[Dataset excerpts]

# # # # # # #

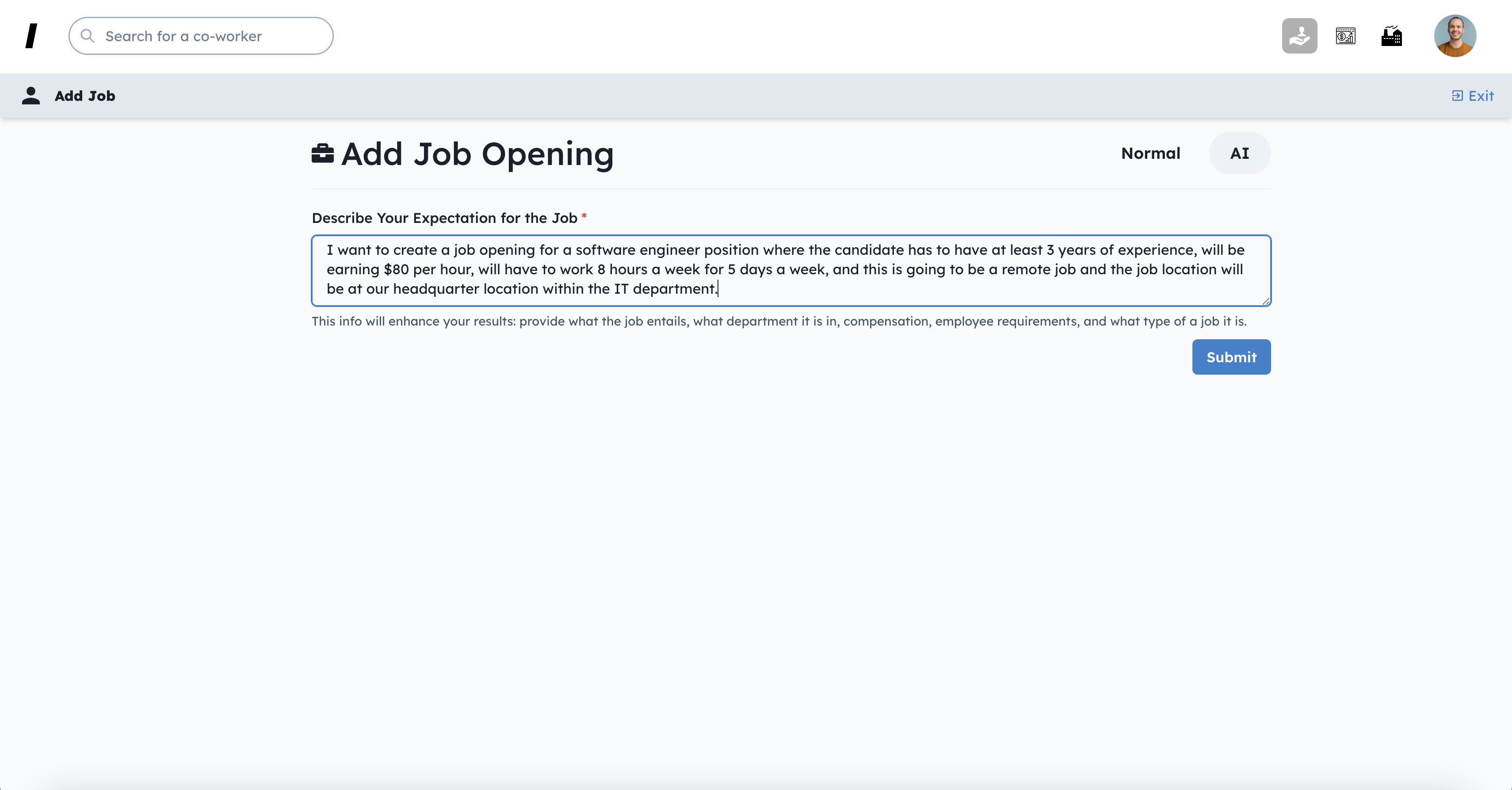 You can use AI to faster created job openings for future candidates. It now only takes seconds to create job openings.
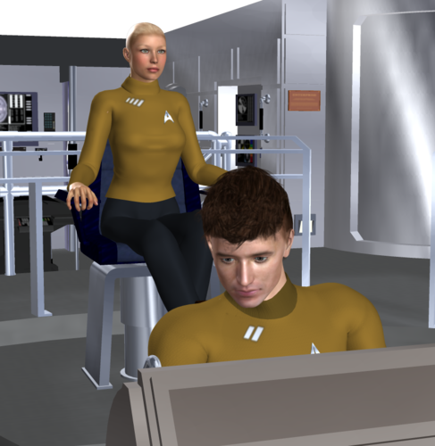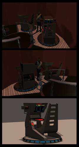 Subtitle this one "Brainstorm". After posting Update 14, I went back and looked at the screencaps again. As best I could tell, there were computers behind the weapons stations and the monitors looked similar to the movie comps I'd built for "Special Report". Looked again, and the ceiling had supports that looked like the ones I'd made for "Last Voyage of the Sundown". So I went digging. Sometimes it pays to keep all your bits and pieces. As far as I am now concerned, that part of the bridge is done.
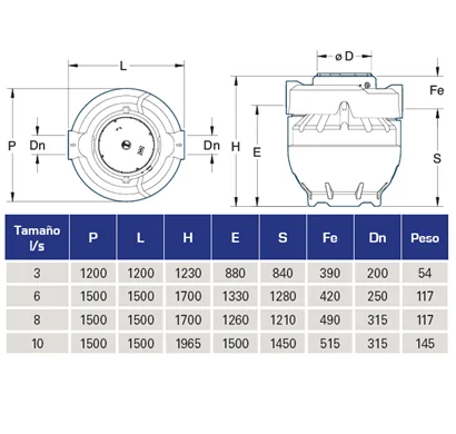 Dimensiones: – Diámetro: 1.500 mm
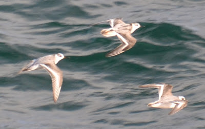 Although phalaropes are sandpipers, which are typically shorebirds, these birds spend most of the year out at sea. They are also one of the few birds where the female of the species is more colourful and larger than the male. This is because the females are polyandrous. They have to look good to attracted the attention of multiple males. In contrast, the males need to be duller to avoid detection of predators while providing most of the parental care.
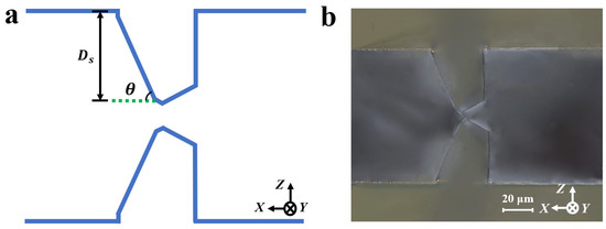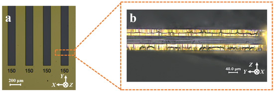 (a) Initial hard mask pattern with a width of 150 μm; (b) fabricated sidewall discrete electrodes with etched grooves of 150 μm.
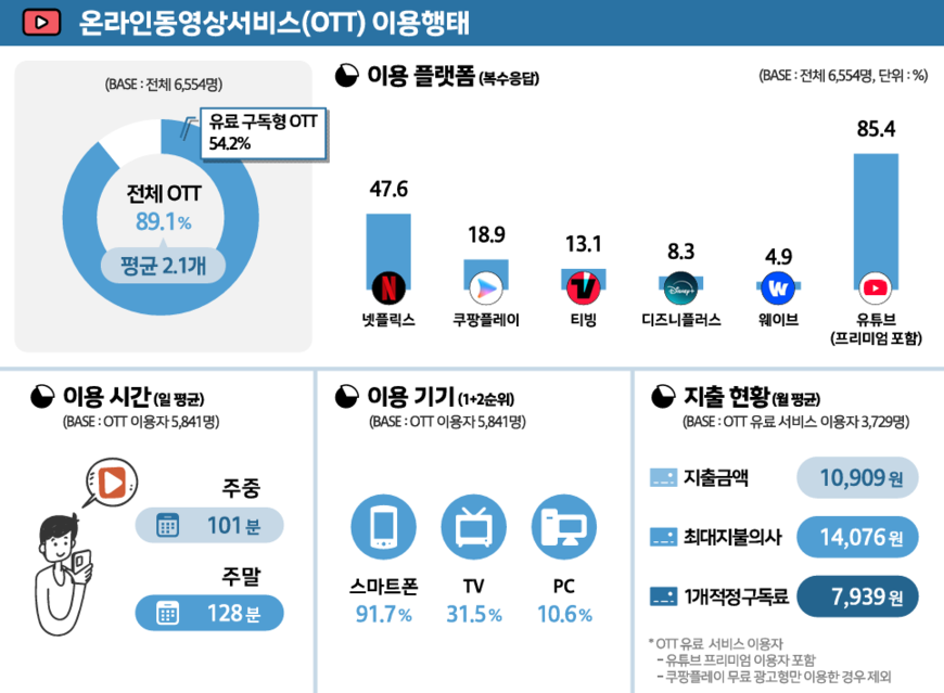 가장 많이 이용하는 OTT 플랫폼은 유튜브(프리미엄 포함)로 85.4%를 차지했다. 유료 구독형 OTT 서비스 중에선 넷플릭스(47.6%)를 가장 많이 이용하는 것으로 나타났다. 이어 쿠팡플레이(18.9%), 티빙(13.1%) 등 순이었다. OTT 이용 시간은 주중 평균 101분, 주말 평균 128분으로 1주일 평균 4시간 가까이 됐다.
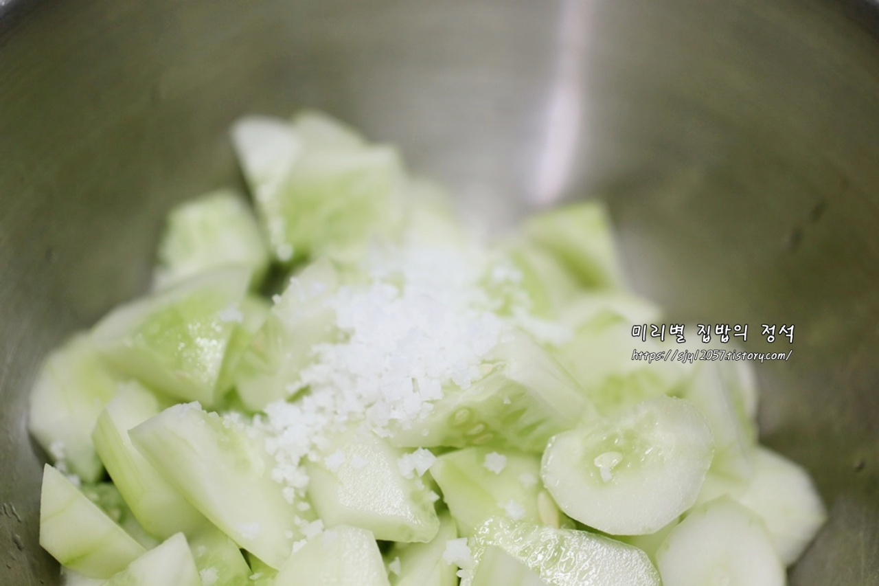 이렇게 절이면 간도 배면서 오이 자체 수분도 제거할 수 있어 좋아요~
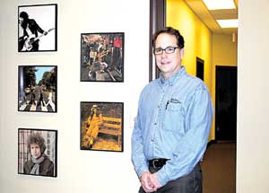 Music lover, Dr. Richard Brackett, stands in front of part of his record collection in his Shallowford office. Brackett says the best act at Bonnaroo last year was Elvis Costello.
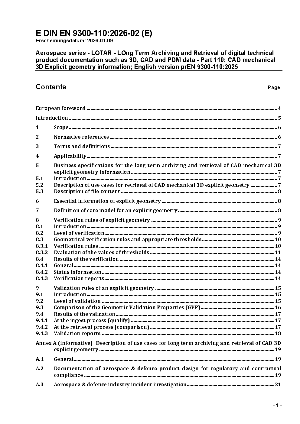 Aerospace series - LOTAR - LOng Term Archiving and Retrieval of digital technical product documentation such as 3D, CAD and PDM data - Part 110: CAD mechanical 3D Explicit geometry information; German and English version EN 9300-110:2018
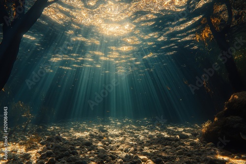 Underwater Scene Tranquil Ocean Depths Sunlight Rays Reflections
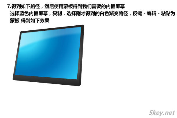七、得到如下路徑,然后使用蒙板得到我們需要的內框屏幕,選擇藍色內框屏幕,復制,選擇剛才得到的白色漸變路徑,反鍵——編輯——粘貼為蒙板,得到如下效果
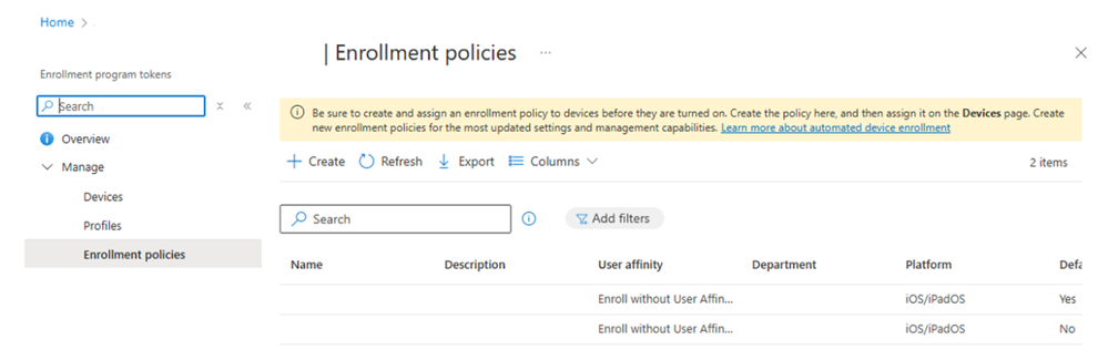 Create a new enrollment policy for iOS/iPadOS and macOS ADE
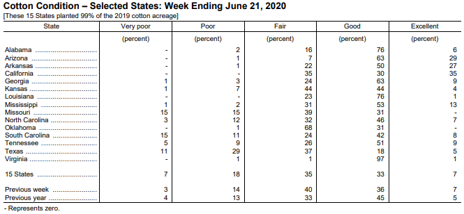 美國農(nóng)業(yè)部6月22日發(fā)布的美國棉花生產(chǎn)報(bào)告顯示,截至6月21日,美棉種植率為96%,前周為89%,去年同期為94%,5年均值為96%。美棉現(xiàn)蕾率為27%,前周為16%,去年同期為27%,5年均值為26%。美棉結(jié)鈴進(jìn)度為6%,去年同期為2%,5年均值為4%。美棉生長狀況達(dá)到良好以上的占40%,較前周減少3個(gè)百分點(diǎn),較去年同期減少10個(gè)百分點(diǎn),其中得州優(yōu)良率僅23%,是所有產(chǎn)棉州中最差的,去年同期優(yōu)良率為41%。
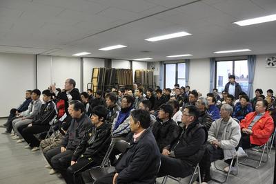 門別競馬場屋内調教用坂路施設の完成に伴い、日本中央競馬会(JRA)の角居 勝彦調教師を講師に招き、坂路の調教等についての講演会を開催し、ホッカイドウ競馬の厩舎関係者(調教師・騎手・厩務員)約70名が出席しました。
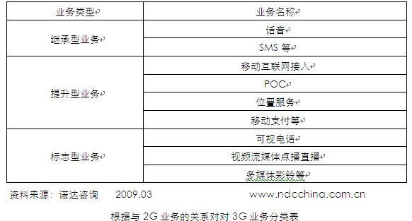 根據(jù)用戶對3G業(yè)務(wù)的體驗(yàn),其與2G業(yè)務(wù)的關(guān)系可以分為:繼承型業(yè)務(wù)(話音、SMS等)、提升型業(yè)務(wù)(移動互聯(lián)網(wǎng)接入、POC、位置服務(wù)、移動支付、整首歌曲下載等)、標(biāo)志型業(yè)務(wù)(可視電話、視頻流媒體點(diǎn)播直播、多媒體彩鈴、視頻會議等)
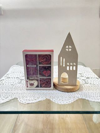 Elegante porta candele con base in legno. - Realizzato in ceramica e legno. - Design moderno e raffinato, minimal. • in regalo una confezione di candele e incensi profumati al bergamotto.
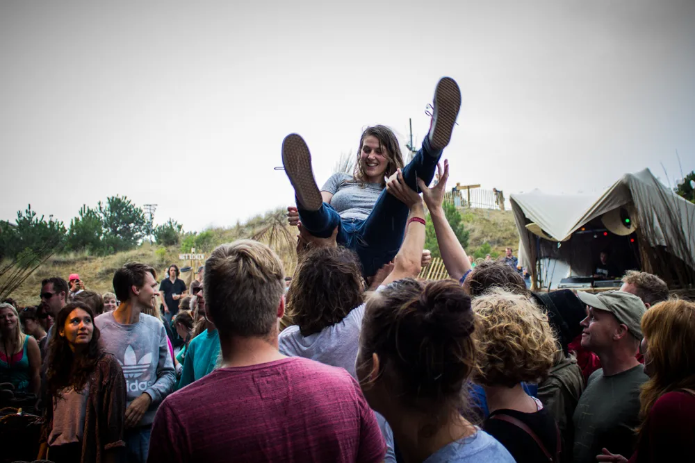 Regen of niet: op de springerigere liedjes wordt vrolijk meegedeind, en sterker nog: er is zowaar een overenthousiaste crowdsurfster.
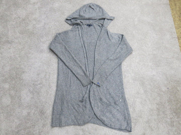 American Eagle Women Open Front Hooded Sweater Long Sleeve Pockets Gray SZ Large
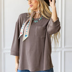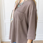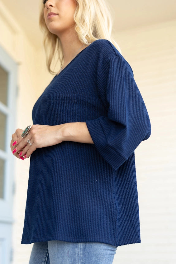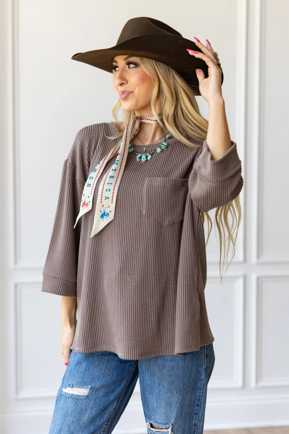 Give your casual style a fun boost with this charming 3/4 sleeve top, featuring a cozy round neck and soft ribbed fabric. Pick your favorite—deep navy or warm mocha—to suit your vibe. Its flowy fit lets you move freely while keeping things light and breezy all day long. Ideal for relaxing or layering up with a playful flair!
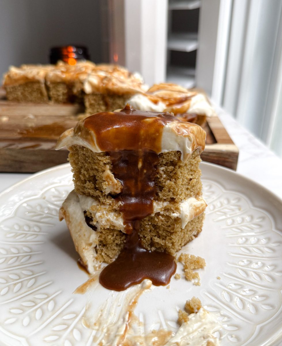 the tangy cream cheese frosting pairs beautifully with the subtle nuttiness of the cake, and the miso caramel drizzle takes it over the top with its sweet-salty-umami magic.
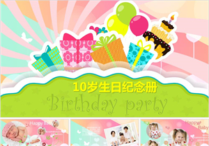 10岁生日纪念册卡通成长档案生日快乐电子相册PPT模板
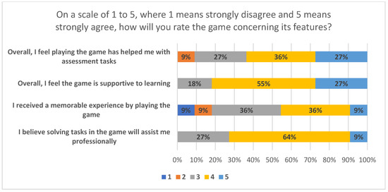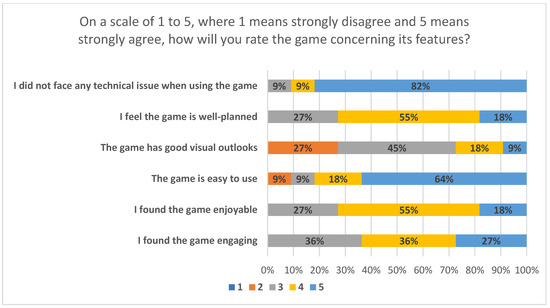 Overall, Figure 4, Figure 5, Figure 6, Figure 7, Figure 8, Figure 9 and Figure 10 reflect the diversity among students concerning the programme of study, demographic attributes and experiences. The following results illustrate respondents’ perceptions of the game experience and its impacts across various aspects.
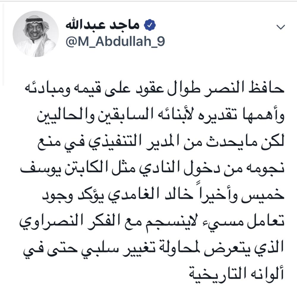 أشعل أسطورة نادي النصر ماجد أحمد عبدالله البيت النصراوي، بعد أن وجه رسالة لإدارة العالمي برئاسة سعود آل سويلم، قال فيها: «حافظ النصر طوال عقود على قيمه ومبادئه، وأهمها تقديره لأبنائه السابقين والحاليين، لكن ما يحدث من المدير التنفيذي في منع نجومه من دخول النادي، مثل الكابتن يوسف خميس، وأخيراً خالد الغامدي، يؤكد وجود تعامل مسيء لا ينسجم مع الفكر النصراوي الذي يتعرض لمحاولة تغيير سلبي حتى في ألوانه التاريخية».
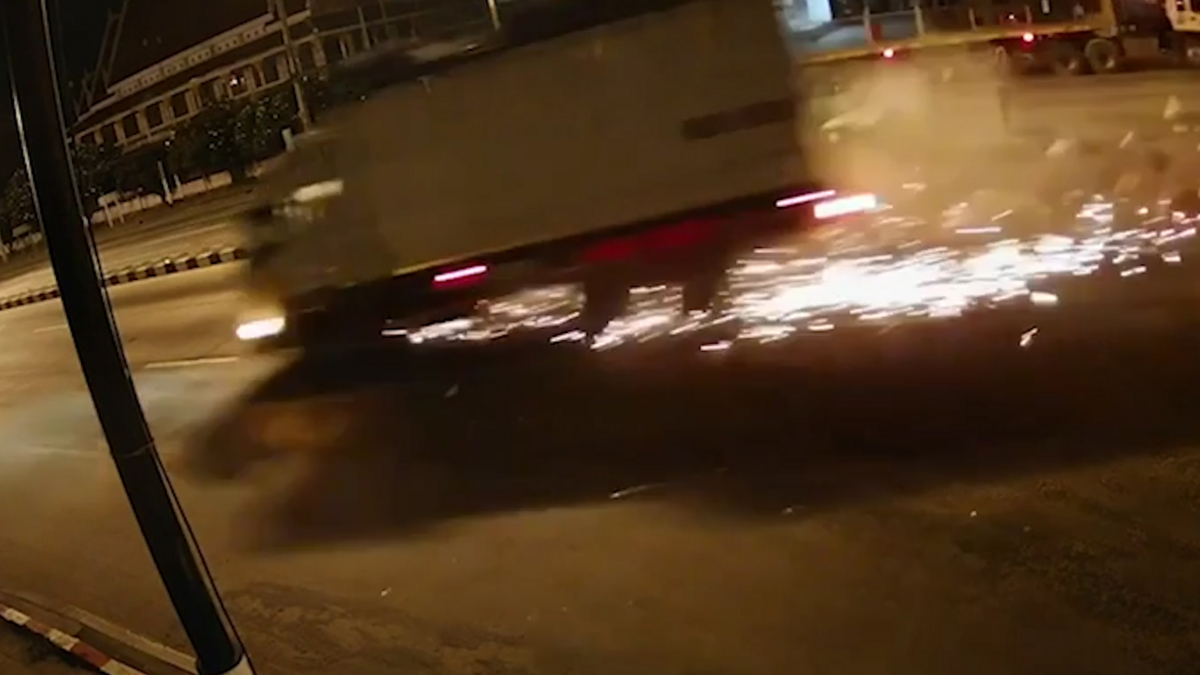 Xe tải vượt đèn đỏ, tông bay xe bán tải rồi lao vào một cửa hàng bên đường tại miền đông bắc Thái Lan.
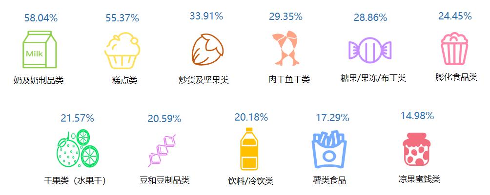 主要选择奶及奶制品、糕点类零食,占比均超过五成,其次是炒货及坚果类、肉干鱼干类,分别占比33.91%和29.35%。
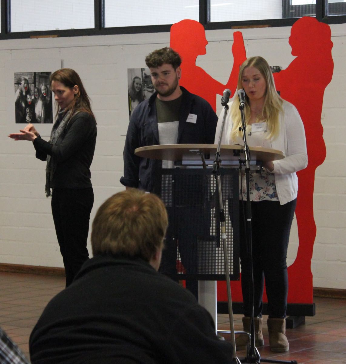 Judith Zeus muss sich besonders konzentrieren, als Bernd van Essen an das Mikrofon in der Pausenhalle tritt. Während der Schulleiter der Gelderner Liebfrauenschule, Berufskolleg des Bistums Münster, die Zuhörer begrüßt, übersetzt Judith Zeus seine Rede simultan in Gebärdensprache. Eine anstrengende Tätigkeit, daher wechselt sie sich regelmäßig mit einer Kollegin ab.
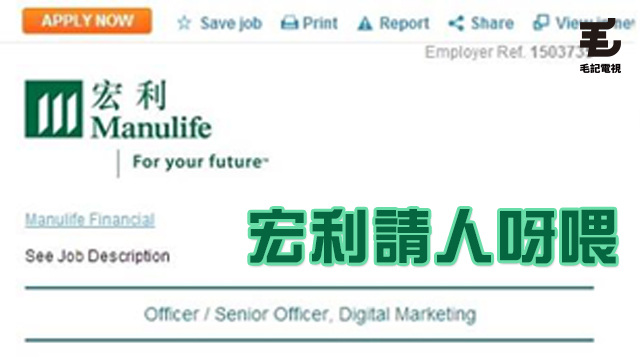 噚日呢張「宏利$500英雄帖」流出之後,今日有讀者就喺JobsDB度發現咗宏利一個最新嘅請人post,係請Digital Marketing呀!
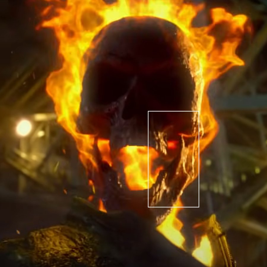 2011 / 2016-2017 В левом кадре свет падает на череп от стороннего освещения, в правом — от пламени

# # # # # # #

## EXERCISE INSTRUCTIONS
The reply should hold the entries above from the line with "10岁生日纪念册卡通成长档案生日快乐电子相册PPT模板" to the line with "Overall, Figure 4, Figure", duplicated exactly, pictures excluded.

## ANSWER
 10岁生日纪念册卡通成长档案生日快乐电子相册PPT模板
 Overall, Figure 4, Figure 5, Figure 6, Figure 7, Figure 8, Figure 9 and Figure 10 reflect the diversity among students concerning the programme of study, demographic attributes and experiences. The following results illustrate respondents’ perceptions of the game experience and its impacts across various aspects.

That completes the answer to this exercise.